The luminosity L = S · Ω/4π = 0.07 cm2 and resolution Δp/p = 1.2 ·10-3 were measured for a similar composed source emitting calibration conversion electrons from the 169Yb decay. The tritium sources were prepared by vacuum evaporation of tritiated valine, an amino acid (CH3)2CH·CH(NH2)·COOH (where two of the protium atoms were substituted by tritium ones), at ~300°C on Al backing. The surface density of the source was estimated to be 2 μg cm-2 of valine. Due to the small size of the low-pressure Geiger-Müller counter and the absence of scattered electrons in the detector region, the background above the tritium endpoint was 50 times smaller than that of the Bergkvist measurement shown in Fig. (10). In addition, the background did not depend on the electron energy and was the same regardless of the presence or absence of the tritium source in the spectrometer. Nevertheless, tritium itself slowly contaminated the spectrometer vacuum chamber, and the background after one month of measurements was four times higher than at the beginning.

The least-squares fits of four series of the measurement of the β-spectrum based only on the statistical uncertainties of the counting rates yielded a normalized χ2 = 1.49 which was improbably large for 191 degrees of freedom. From the scattering of the counting rates in the overlapping regions of individual series, the authors estimated a total measurement uncertainty to be σtot = 1.2 σstat. Two additional uncertainties were taken into account: ±15% for the uncertainty of the population of the effective excited states of the 3He+ ion and 20% due to a possible inhomogeneity of the source thickness. The Kurie plot of the recorded part of the tritium β-spectrum is reproduced in Fig. (13). The final result was mve < 35 eV at the 90% CL [113]. The least-squares analysis of measured spectra yielded E0 = (18574.8 ± 1.3) eV while caution consideration of systematic uncertainties led to E0 = (18575 ± 13) eV. Both determinations agree perfectly with the current value of E 0.

Fig. (13).
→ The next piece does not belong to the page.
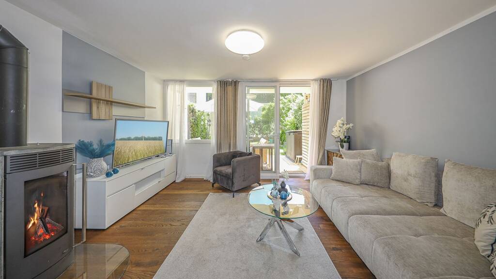Im Erdgeschoss betritt man die Wohnung und gelangt sodann in die Diele/Garderobe, weiters in den Wohnraum mit Kamin und offener Küche, ausgestattet mit allen Geräten. Vom Wohnraum gelangt man auf die Richtung Süden ausgerichtete Terrasse und sodann in den Garten. Auf dieser Etage befindet sich noch ein Badezimmer mit Dusche und WC.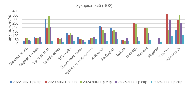 2026 оны 01 дүгээр сарын хүхэрлэг хий (SO2)-н дундаж агууламжийг 2025 оны 01 дүгээр сартай харьцуулахад Мишээл экспо 7 мкг/м3-ээр, Баруун 4 зам 57 мкг/м3-ээр, 1-р хороолол 172 мкг/м3-ээр, Бөхийн өргөө 54 мкг/м3-ээр, 100 айл 71 мкг/м3-ээр, Цахилгаан станц 29 мкг/м3-ээр, Ургах наран хороолол 28 мкг/м3-ээр, Хайлааст 94 мкг/м3-ээр, 5 буудал 96 мкг/м3-ээр, Зайсан 34 мкг/м3-ээр, Шархад 48 мкг/м3-ээр, Налайх 75 мкг/м3-ээр, Яармаг 51 мкг/м3-ээр, Толгойт 196 мкг/м3-ээр, Баянхошуу 138 мкг/м3-ээр тус тус бага байна (Зураг 12).

Kurie plot of the endpoint region of the tritium β-spectrum measured with a toroidal magnetic spectrometer by Tretyakov et al [113]. Solid and dashed lines correspond to mve = 0 and 40 eV, respectively.

In order to reduce problems with electron scattering in radioactive sources and spectrometers as well as uncertainties connected with final state interactions, Simpson [114] investigated the β-spectrum of tritium implanted into a Si(Li) x-ray detector. The detector of 80 mm2 area and 5 mm thickness had resolution of 215 eV at 5.9 keV. A diffuse beam of tritium ions of energy between 8 and 9.1 MeV penetrated through 25 μm thick Be window into 0.2 mm of Si(Li) crystal. This penetration depth far exceeded the 2.5 μm range of the 18.6 keV β-particles and 14 μm range of 1.7 keV Si x-rays. During implantation the detector was kept at liquid-nitrogen temperature. The detector resolution deteriorated at the end of implantation but returned to its original value after annealing. The atomic density of implanted tritium was estimated to be about 1.5·1013 cm-3. A chopper emitting 8.05 and 17.48 keV Kα1-X rays of Cu and Mo respectively, was installed in front of the Si(Li) detector to enable energy calibration and stabilization during long tritium β-spectra runs. The chopper wheel with two slots allowing penetration of x-rays to the detector rotated with a period of a few seconds. In this way, two spectra were recorded with the same electronics setting almost simultaneously: a spectrum of β-rays plus x-rays and the other of β-rays only. The measured tritium β-spectra did not reveal any deviations from the theoretical shape expected for zero neutrino mass and the upper limit of mve < 65 eV was derived with 95% confidence.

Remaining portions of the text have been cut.